Dernièrement, la réputation de la marque, semble être un point central pour tous ceux qui sont impliqués dans le Web et les médias sociaux en particulier. Quelqu’un avec un peu de retard essaye de se lancer pour la premier fois, mais semble enfin un concept clair… ou peut-être pas.
Beaucoup des professionnelles associent le mot Social Media Marketing à la réputation de la marque, presque comme quelque chose d’automatique et séquentielle, plus dans une optique social media optimization, que réellement stratégique. Ce qui de fois nous nous échappe, c’est que la réputation ne provient pas des médias, et encore moins des média sociaux, la réputation vient de notre comportement.
Chaque zone de conversation est un outil pour créer notre réputation, qui nous donne la possibilité de négocier la perception de nos actions et des nos message avec les usagers. Penser à l’ e-réputation comme une conséquence des technologiques et pas stratégiques, risque de nous faire glisser vers un « socialmedia-washing » (si je peu utiliser le mot qui rappelle le green washing): s’engager dans les média sociaux parce qu’on m’avait dit que c’est bon pour ma réputation de marque, mais c’est un échec.
Créer une personnalité de marque positive, cela signifie tout d’abord, travaillant sur le produit et sa qualité et non moins dans le storytelling, qui peut être émotionnel ou fondée sur de la valeur ajoutée qu’elles peu apporter à notre collectivité. C’est un des motif qui donnent la possibilité à de nombreuses marques de luxe d’attirer beaucoup de fan sur Facebook et des conversations qualitativement supérieure. C’est probablement par ce que Toyota grâce à sa réputation de produit de qualité, apres un événement négatif récente a au l’ occasion de transformer les fans déçus en des ambassadeur de la marque (72% des utilisateurs estiment que la marque japonaise a été très active pour diffuse et admettre l’erreur ).
Une recherche intéressante sur les tendances actuelles liées aux utilisateurs de médias sociaux et l’utilisation que effectivement nous faisons des technologies sociales. Et ce que nous proposons est réellement en ligne avec les besoins et utilisation qui nous faisons effectivement des différentes social média?
Même si nous ne faisons que évangéliser les micro-blogging, les forums sont toujours parmi les principaux points de discussion. Cependant, Twitter, Friendfeed et autres services en temps réel d’accroître leur pénétration du marché.
Quel technologies repondens au mieux aux besoins des utilisateurs?
85% des utilisateurs font une recherche sur le web pour obtenir plus d’informations sur un produit spécifique, tandis que 49% utilisent le Web pour chercher des recommandations spécifiques.
L’influence digitale des marques se joue sur plusieurs fronts online, offline et via mobile. Le plus grand impact provient de contacts de «qualité» dans les réseaux sociaux, ou via les auteurs des blogs que nous lisient souvent, tandis que le micro-blogging ont une plus grande influence dans les conversations des âgés entre 16 et 24 an.
Et en France? L’influence ce jeu sur le besoins des usagers de trouver des info sur service et produits, rester en contact avec les amis, l’entertainment et rester up-to-date with news and events.
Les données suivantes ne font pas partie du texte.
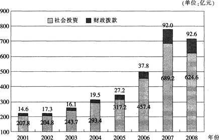 2001~2008年,社会投资用于地质勘查投资的资金平均每年约增加( )亿元。

Forrester a publié et mis à jour le Social Thecnogrphics, un plan visuel qui peut analyser le profil et les habitudes des utilisateurs, ce qui fais d’Internet un environnement social.
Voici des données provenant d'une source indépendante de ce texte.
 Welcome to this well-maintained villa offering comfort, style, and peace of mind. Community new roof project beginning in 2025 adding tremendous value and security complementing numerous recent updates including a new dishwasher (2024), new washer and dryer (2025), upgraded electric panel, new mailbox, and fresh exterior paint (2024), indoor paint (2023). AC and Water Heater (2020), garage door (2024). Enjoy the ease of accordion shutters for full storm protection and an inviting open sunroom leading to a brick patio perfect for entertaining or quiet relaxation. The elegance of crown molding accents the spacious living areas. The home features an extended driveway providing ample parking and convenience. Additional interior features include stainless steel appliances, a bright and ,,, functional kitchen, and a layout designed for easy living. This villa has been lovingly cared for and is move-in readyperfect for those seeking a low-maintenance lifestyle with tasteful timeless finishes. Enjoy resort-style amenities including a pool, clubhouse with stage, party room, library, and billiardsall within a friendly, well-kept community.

Si l’on compare cette nouvelle version avec celle du 2009, nous nous rendons compte comment les utilisateurs actifs sont fortement augmenté, ce qu’on appelle les «créateurs» (de 13% à 24%), sont également augmenté les «critiques» (de 19% à 37%) qui ont une influence importante sur la conversation au sujet des produits et services. Merci à une augmentation des utilisateurs du web et une plus grande évangélisation des blogs et des réseaux sociaux, ont augmenté la «joiners», ceux qui lisent les blogs et les forums et des vidéo en ligne, mas sans créer du contenu. Tout ce la, au détriment de personnes «inactives».
L’utilisation croissante des outils de microblogging comme Twitter et FriendFeed, a conduit à l’ajout d’une nouvelle catégorie:
Conversationalist: positionné sur l’échelle juste en dessous des «créateurs» sont ceux qui mettent à jour (au moins une fois par semaine) ‘s profil sur Twitter ou Facebook en particulier.
Cette mise à jour démontre comment les utilisateurs microblogging sont en augmentation, quel que soit le nombre de blogueurs.
Je ne suis pas totalement d’accord que d’être un « conversationalist » soit une action plus difficile dans l’ampleur du rôle des «critiques», mais encore il ne s’agit pas d’une segmentation stricte.
Nous devons réfléchir pour savoir si notre produit mai trouver un terrain fertile pour activer une conversation active avec des personnes, qui auront la possibilité d’influencer, pour le meilleur ou pour le pire, la réputation de notre marque.